● How to complete this task
Copy out the entries word for word, leaving images aside.

(Records from a data source)

Start of Block

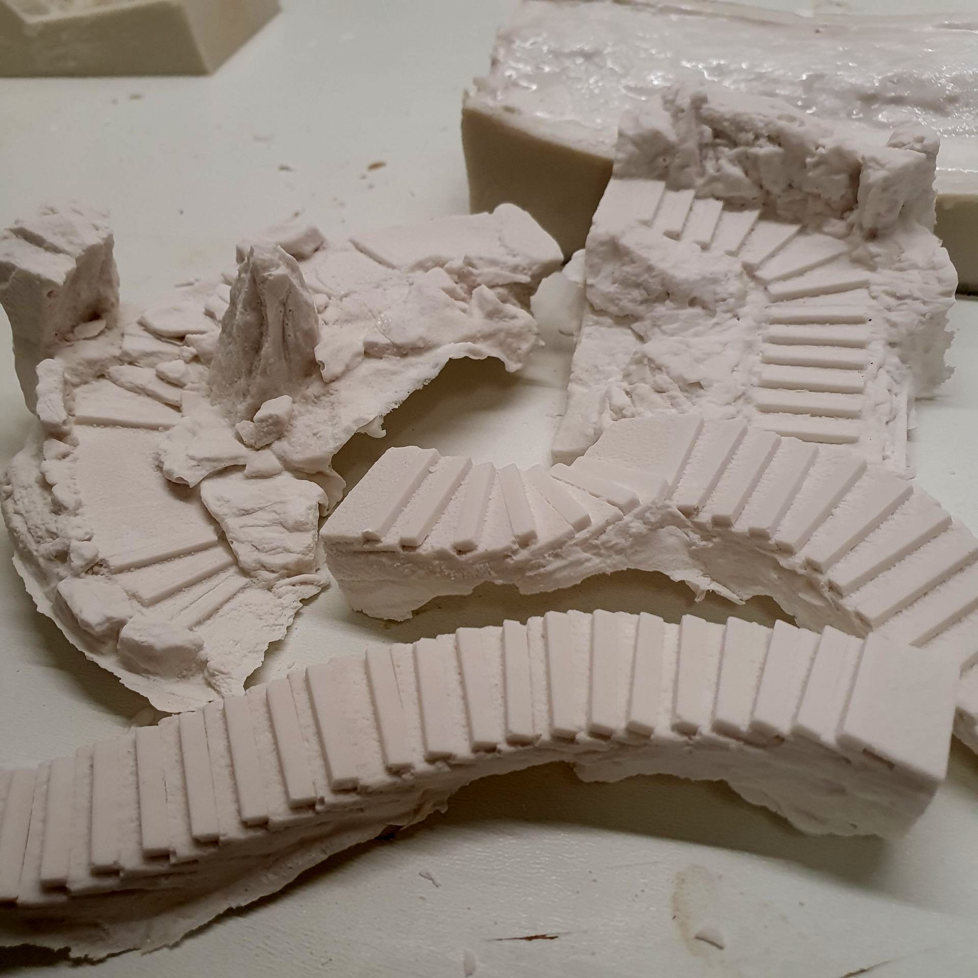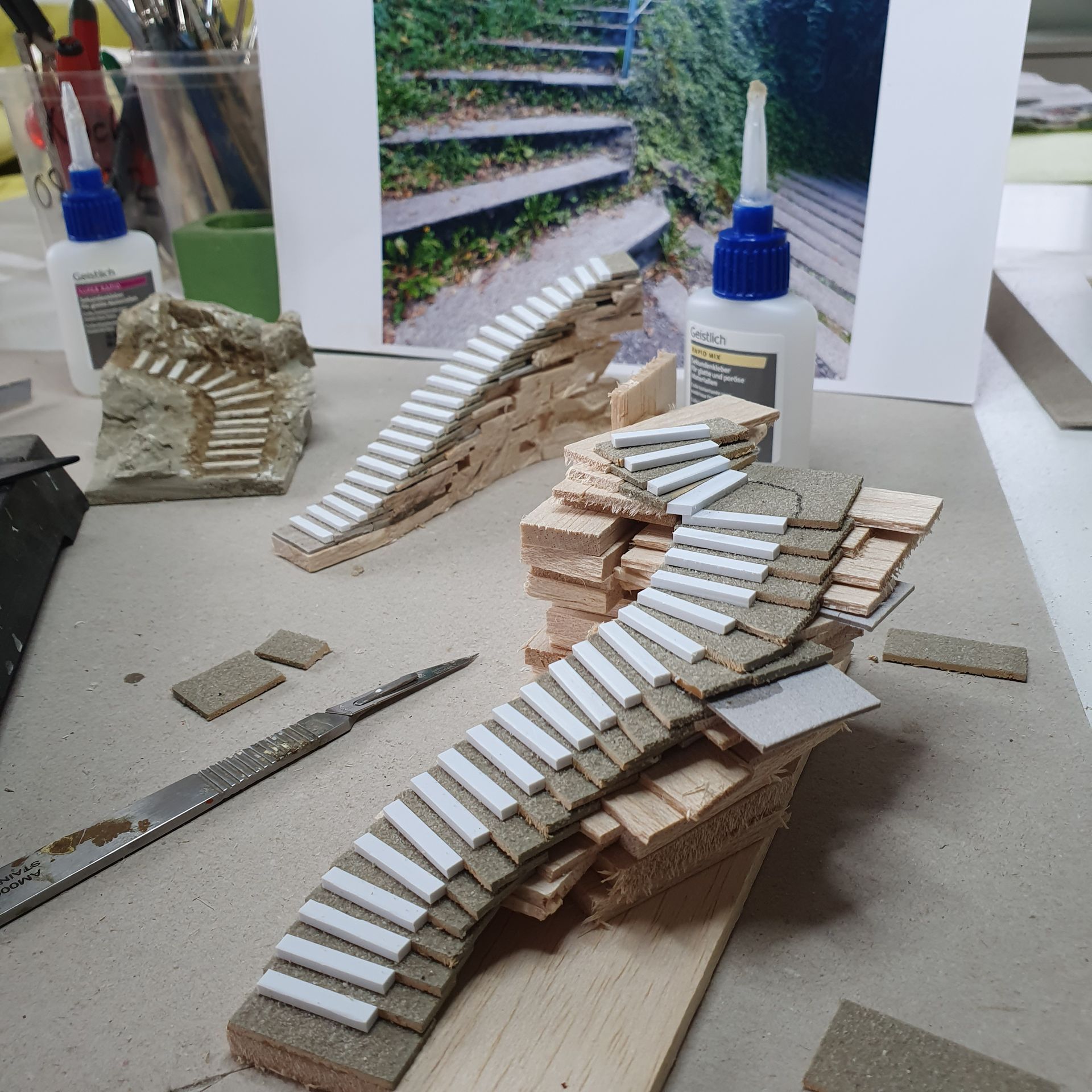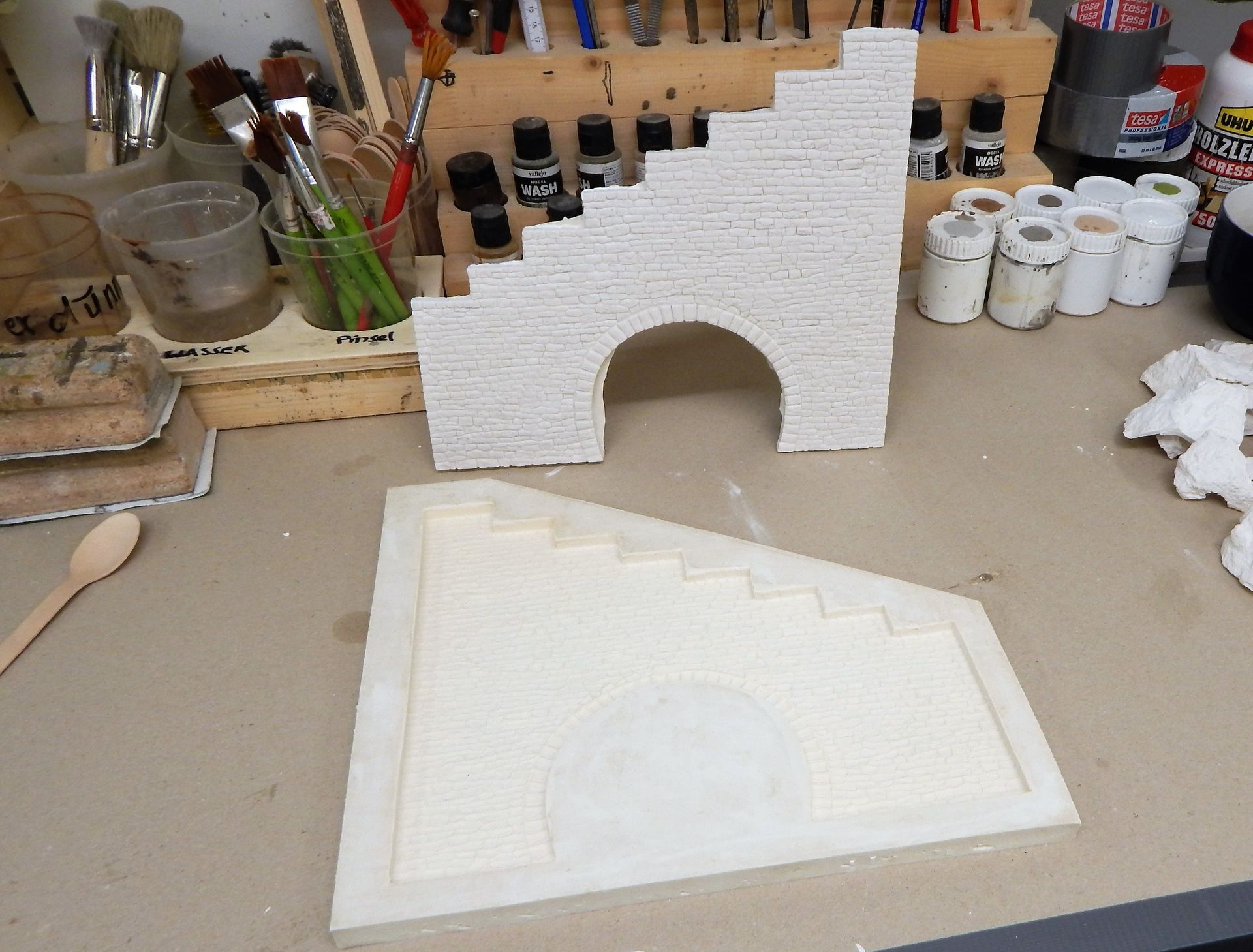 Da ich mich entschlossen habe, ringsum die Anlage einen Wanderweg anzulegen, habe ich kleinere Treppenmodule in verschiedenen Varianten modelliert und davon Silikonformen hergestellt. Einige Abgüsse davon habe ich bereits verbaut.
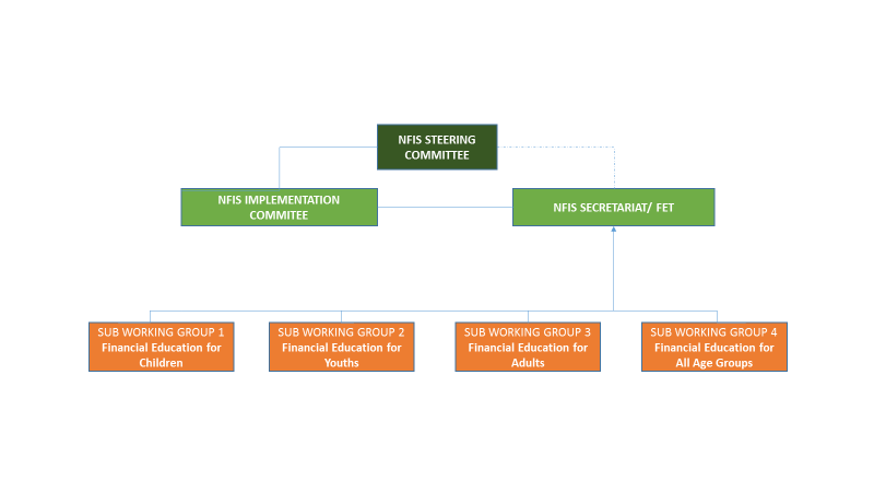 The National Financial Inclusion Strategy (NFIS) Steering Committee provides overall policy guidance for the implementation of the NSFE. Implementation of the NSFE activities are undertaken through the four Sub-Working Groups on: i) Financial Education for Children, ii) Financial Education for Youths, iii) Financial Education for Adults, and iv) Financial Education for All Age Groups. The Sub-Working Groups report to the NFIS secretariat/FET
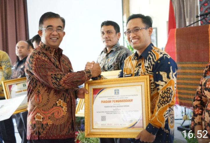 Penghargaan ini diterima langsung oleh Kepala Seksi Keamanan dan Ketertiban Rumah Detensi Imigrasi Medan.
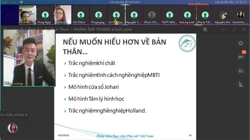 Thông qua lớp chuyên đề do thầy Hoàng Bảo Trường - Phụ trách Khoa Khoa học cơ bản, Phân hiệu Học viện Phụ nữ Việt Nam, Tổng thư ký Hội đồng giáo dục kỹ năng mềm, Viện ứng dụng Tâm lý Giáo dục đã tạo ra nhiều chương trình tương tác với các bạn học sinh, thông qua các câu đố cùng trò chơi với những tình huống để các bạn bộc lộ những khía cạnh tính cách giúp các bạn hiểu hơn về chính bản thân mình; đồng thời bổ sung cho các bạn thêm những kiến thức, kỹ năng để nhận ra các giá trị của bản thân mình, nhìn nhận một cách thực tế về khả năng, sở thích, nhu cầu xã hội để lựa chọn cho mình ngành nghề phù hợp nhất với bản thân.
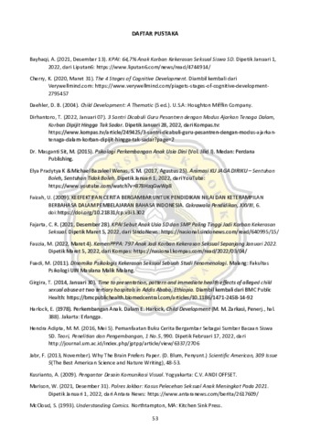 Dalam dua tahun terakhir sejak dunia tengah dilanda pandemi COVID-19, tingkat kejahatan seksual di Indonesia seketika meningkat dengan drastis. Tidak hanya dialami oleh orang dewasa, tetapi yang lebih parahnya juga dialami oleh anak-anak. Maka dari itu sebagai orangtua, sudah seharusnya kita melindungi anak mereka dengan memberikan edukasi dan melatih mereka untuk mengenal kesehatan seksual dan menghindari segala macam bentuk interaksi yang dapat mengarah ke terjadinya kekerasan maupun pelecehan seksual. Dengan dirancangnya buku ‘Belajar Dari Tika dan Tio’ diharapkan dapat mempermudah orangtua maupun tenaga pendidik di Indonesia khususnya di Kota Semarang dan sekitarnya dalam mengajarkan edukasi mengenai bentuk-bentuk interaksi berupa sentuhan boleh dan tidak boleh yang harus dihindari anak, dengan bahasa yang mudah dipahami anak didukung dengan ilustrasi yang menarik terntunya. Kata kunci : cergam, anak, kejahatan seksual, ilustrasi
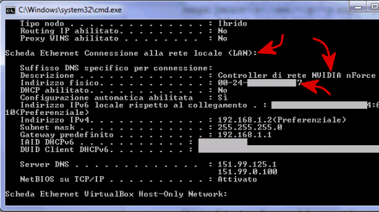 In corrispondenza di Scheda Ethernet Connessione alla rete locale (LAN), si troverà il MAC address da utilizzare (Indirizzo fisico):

End of Block

● Solution to this exercise
 Da ich mich entschlossen habe, ringsum die Anlage einen Wanderweg anzulegen, habe ich kleinere Treppenmodule in verschiedenen Varianten modelliert und davon Silikonformen hergestellt. Einige Abgüsse davon habe ich bereits verbaut.
 The National Financial Inclusion Strategy (NFIS) Steering Committee provides overall policy guidance for the implementation of the NSFE. Implementation of the NSFE activities are undertaken through the four Sub-Working Groups on: i) Financial Education for Children, ii) Financial Education for Youths, iii) Financial Education for Adults, and iv) Financial Education for All Age Groups. The Sub-Working Groups report to the NFIS secretariat/FET
 Penghargaan ini diterima langsung oleh Kepala Seksi Keamanan dan Ketertiban Rumah Detensi Imigrasi Medan.
 Thông qua lớp chuyên đề do thầy Hoàng Bảo Trường - Phụ trách Khoa Khoa học cơ bản, Phân hiệu Học viện Phụ nữ Việt Nam, Tổng thư ký Hội đồng giáo dục kỹ năng mềm, Viện ứng dụng Tâm lý Giáo dục đã tạo ra nhiều chương trình tương tác với các bạn học sinh, thông qua các câu đố cùng trò chơi với những tình huống để các bạn bộc lộ những khía cạnh tính cách giúp các bạn hiểu hơn về chính bản thân mình; đồng thời bổ sung cho các bạn thêm những kiến thức, kỹ năng để nhận ra các giá trị của bản thân mình, nhìn nhận một cách thực tế về khả năng, sở thích, nhu cầu xã hội để lựa chọn cho mình ngành nghề phù hợp nhất với bản thân.
 Dalam dua tahun terakhir sejak dunia tengah dilanda pandemi COVID-19, tingkat kejahatan seksual di Indonesia seketika meningkat dengan drastis. Tidak hanya dialami oleh orang dewasa, tetapi yang lebih parahnya juga dialami oleh anak-anak. Maka dari itu sebagai orangtua, sudah seharusnya kita melindungi anak mereka dengan memberikan edukasi dan melatih mereka untuk mengenal kesehatan seksual dan menghindari segala macam bentuk interaksi yang dapat mengarah ke terjadinya kekerasan maupun pelecehan seksual. Dengan dirancangnya buku ‘Belajar Dari Tika dan Tio’ diharapkan dapat mempermudah orangtua maupun tenaga pendidik di Indonesia khususnya di Kota Semarang dan sekitarnya dalam mengajarkan edukasi mengenai bentuk-bentuk interaksi berupa sentuhan boleh dan tidak boleh yang harus dihindari anak, dengan bahasa yang mudah dipahami anak didukung dengan ilustrasi yang menarik terntunya. Kata kunci : cergam, anak, kejahatan seksual, ilustrasi
 In corrispondenza di Scheda Ethernet Connessione alla rete locale (LAN), si troverà il MAC address da utilizzare (Indirizzo fisico):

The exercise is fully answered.